FOSS4G NA 2024

Embed all the things: the promise of geospatial vector embeddings
09-10, 15:00–15:30 (America/Chicago), Grand G

Geospatial foundation models have arrived and are getting better. We examine how the vector embeddings they provide can be used for clustering, change detection, and natural language-search, and discuss the challenge of scaling these solutions across time and space.


In this talk, we explore the immense potential of vector embeddings from open-source geospatial foundation models to revolutionize Earth observation. In particular, we show how geospatial vector embeddings enable (i) clustering and similarity search, (ii) a more robust and holistic method of change detection, and (iii) searching huge catalogs of imagery with natural language. We emphasize how these capabilities can be built entirely with open-source solutions; these include (among others): open-source geospatial foundation models such as Clay and SkyCLIP, open-source geospatial machine learning libraries such as Raster Vision, and open-source geospatial databases such as PostGIS. Additionally, we discuss some interesting open problems that need to be solved if we want to scale up such approaches to a global level and opportunities for the open-source community to contribute.

Vector embeddings have emerged as one of the most important tools from the deep learning revolution. The remarkable ability of deep neural networks to turn complex data such as images and text into semantically meaningful vectors in a kind of abstract concept-space has unlocked all manner of interesting applications. Simultaneously, the proliferation of pre-trained open-source models (“foundation models”), especially those pre-trained on geospatial data, has made it trivial to compress Earth imagery to vector embeddings. The question now is: what can we do with them? In this talk, we present three potential use cases.

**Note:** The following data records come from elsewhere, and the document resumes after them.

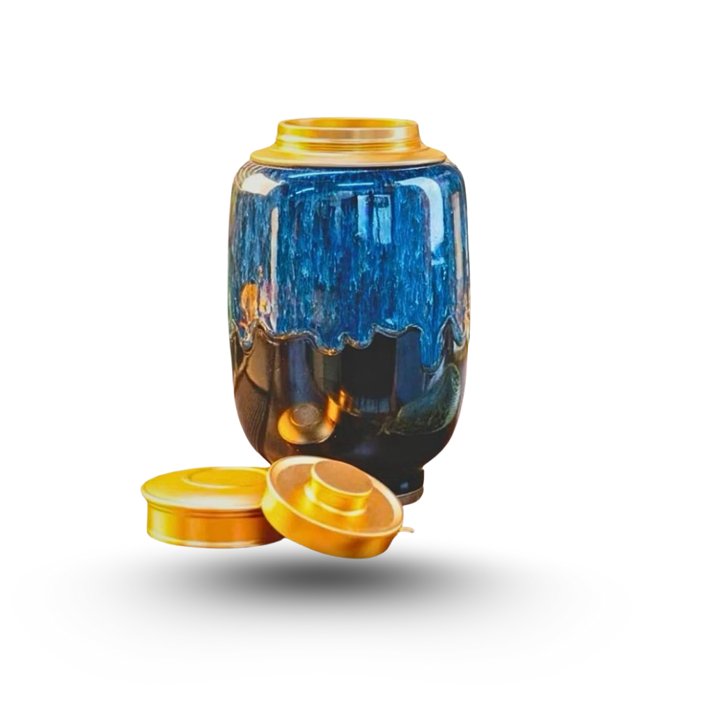 Hũ Đựng Trà Gomie Ceramic là sự kết hợp hoàn hảo giữa nghệ thuật gốm sứ Bát Tràng truyền thống và kỹ thuật Men Hỏa Biến cao cấp. Lớp men Sapphire được nung ở nhiệt độ tạo nên các vân men độc nhất vô nhị, mang đến vẻ ngoài sang trọng, tinh xảo, đồng thời giúp giữ hương trà tuyệt đối.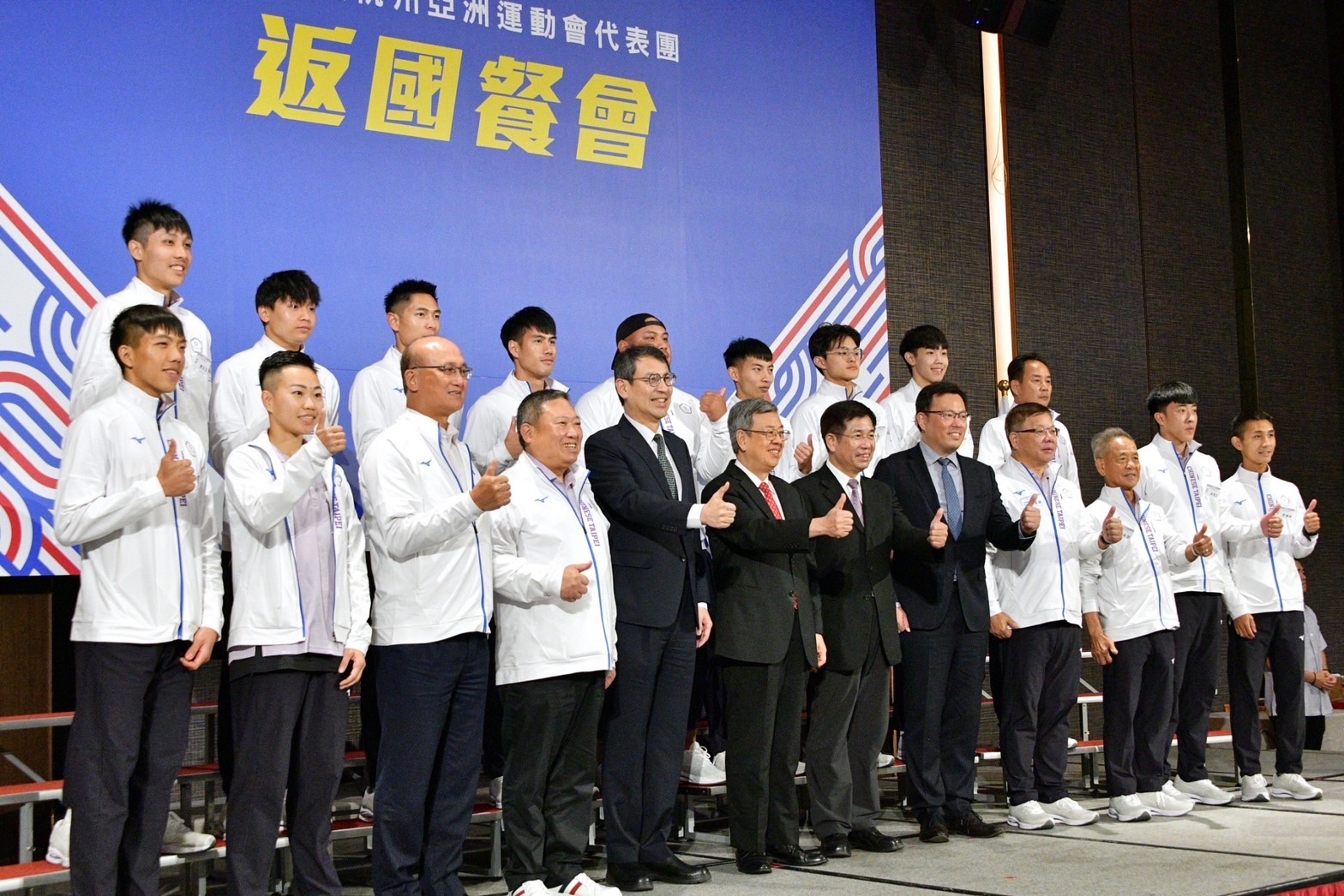 行政院長陳建仁今(12)日出席「第19屆杭州亞洲運動會返國餐會」時表示,我國本屆亞運榮獲19金20銀28銅的優異成績,他要向代表團致以最高的敬意和謝意。政府相當重視體育發展,為成為選手及教練們的強力後盾,明(2024)年體育相關預算將超過160億,增加輔助運動賽事、推動體育訓練的經費及人力。院長期勉選手繼續努力,朝著2024巴黎奧運的目標邁進,讓臺灣在國際運動賽事更加綻放光芒,向世界證明臺灣能成為體育強國。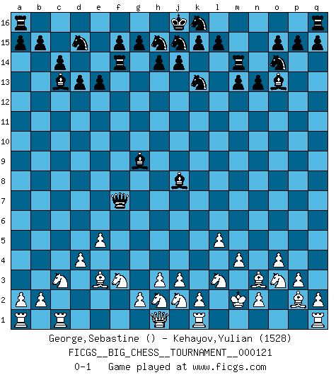 Last move : 0-1 2020 April 4 12:41:13 [Event "FICGS__BIG_CHESS__TOURNAMENT__000121"] [Site "FICGS"] [Date "2019.12.27"] [Round "1"] [White "George,Sebastine"] [Black "Kehayov,Yulian"] [Result "0-1"] [WhiteElo ""] [BlackElo "1528"] 1.p2-p3 j15-k13 2.o1-p2 h16-o10 3.o2-o4 o10-f2 4.g1-f3 f2-c5 5.b1-c3 m15-m13 6.d2-d4 c5-l5 7.p2-n4 e15-e13 8.m2-m4 l5-e11 9.n4-p2 c15-c14 10.e2-e4 n15-n13 11.p1-o3 f16-c13 12.c1-e3 p16-o14 13.l1-m2 o16-g9 14.m2-n3 d15-d13 15.l2-l4 c16-k9 16.e4-e5 l16-o13 17.f1-c4 b16-d15 18.k1-l3 m16-m14 19.m1-m2 e16-e14 20.l4-l5 k9-c2 21.j1-k1 e11-c11 22.k1-l2 c11-c4 23.m2-m1 c2-j8 24.m1-k1 e14-f14 25.e1-c1 c4-f7 26.l2-m2 g16-j15 0-1 This big chess game has been lost on time (started : 2019.12.27 0:46:28) Follow this game move after move (download)You know you're going to lose. Even when I was ahead I knew I was going to lose. - On playing against Fischer. (Andrew Soltis) Ich organisiere ein großes Turnier, was mich etwa 120000 Dollar kostet. Ich denke, das ist das erste Mal in der Schachgeschichte, daß ein Schachgroßmeister auch als Mäzen auftritt. (Miguel Najdorf) Una compensación adecuada por un sacrificio es tener una combinación sólida que conduce a una posición ganadora; una compensación adecuada por una metida de pata es dejar a tu oponente arrebatar una derrota de las fauces de la victoria. (Bruce A. Moon) Même si vous avez un bon coup à faire, regardez toujours s'il n'y en a pas un qui lui soit préférable. (Pedro Damiano) 'preceded by its own quotation yields a falsehood' preceded by its own quotation yields a falsehood. (W. V. O. Quine - Set Theory And Its Logic, 1953)

For our first use case, we show how, at a basic level, vector embeddings can be used to cluster images into semantically meaningful clusters as well as to find images similar to a given image.

For our second use case, we demonstrate a more advanced analysis. We show how instead of detecting change for a location by comparing images from two discrete timestamps, we can instead model its entire history using vector embeddings and detect change and anomalies by measuring how much they deviate from the model. This approach has the additional benefit of being robust to seasonal variations throughout the year.

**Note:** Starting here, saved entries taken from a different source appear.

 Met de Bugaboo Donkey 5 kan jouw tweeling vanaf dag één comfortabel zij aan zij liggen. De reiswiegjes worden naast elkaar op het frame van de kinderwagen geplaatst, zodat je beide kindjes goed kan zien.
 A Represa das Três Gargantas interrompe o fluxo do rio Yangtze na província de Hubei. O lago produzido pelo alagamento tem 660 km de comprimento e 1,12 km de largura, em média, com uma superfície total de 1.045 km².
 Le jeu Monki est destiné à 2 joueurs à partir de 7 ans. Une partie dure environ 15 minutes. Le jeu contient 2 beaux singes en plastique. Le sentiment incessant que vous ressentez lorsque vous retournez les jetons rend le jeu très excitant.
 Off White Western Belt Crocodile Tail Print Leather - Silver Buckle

For our third use case, we demonstrate the use of a slightly different kind of geospatial foundation model: a vision-language model. We show how vector embeddings from such a model can be used to search images based on their semantic content. This enables searching using natural language queries such as “houses with swimming pools” over large geographical areas such as entire cities or states.

Finally, we discuss some engineering challenges involved in deploying such solutions at scale. These include: choosing the chipping grid, efficiently storing and searching tens of millions to billions of vectors, versioning the embeddings, and more.